Last Name: Prentice Organization: Immune Deficiency Foundation Locality: Virginia Beach

Comments Document

Dear Chair Sickles, Vice Chair Tran and Honorable Committee Members, On behalf of the Immune Deficiency Foundation (IDF), and the community affected by primary immunodeficiency (PI) in the Commonwealth of Virginia, I write to you to provide comments and express support to HB1782. This legislation would require Virginia to screen newborn children for any disorder on the federal Recommended Uniform Screening Panel (or RUSP). IDF is dedicated to improving the diagnosis, treatment, and quality of life of people impacted by PI by fostering a community empowered by advocacy, education, and research. Individuals with PI have one of the over 450 rare disorders in which a person’s immune system fails to function properly because of genetic or intrinsic defects. They are highly susceptible to recurrent, persistent, and severe infections, which, without treatment, can lead to organ damage and often require significant interventions and hospitalization. Fortunately, most people with PI can live healthy, productive lives if they receive lifelong immunoglobulin replacement therapy, an innovative and lifesaving therapy derived from donated plasma. Severe combined immunodeficiency (SCID) is one of the most severe types of PI. A child born with SCID completely lacks a functional immune system and is extremely vulnerable to severe and life-threating infections. Without treatment, these children typically do not survive past two years of age. Critical to early treatment is the newborn screening blood test that supports diagnosis. If a child with SCID is diagnosed and treated within the first few months of life, their long-term survival rate is more than 90%. Thanks to newborn screening for SCID in all fifty states, most children with SCID are diagnosed before they develop health problems.
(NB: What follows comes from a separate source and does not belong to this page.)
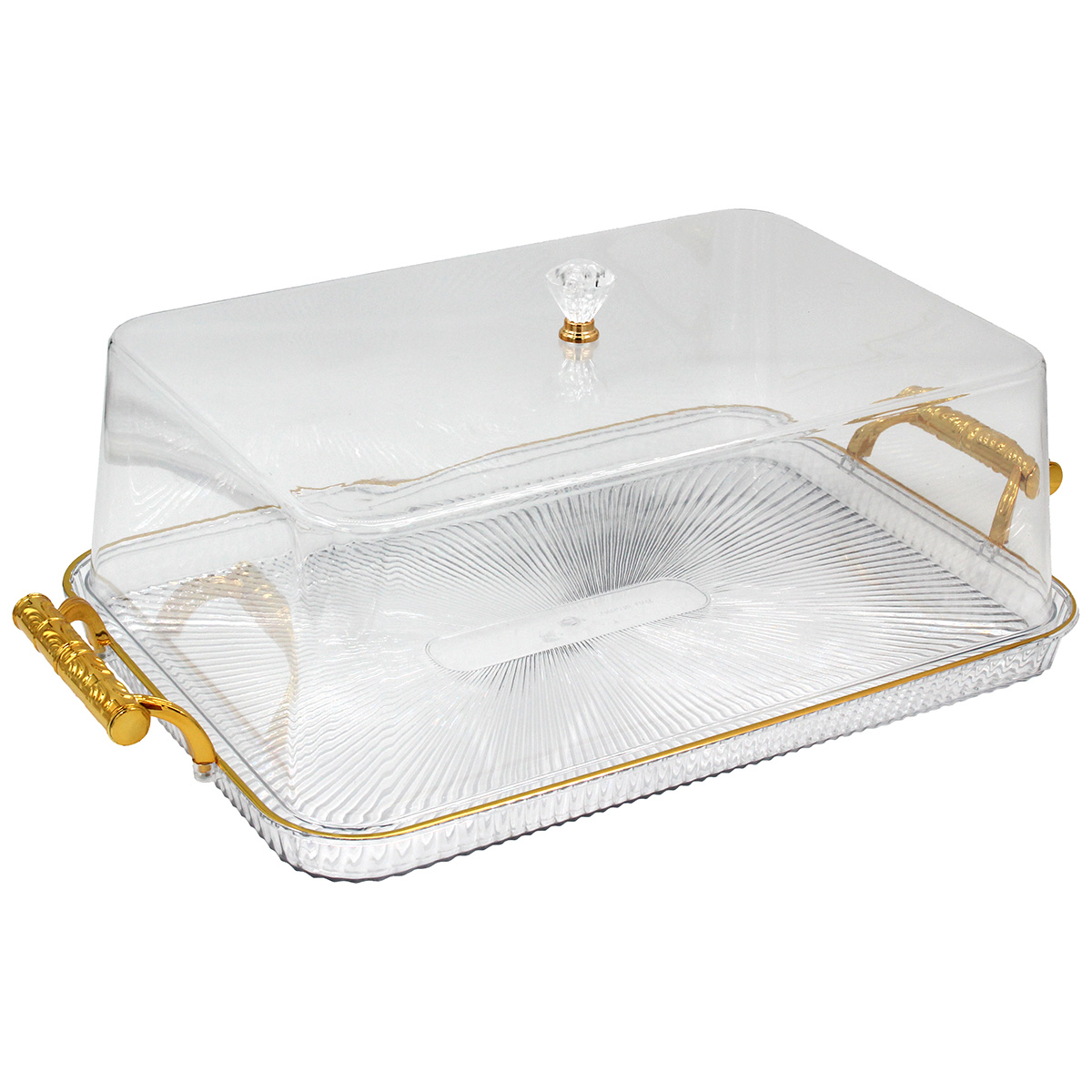 Τουρτιέρα - πιατέλα πλαστική με καπάκι 50Χ30Χ15 εκ. με χρυσό - KESKOR 42675

SCID is just one of the conditions on the RUSP and innovative technology will allow for screening of more diseases in the coming years. We urge you to support HB 1782 to ensure that as new diagnoses are added to the RUSP, Virginia will have the resources and planning in place to ensure that babies born in the commonwealth will be screened for these conditions. Matthew Prentice, Director of State Policy with the Immune Deficiency Foundation.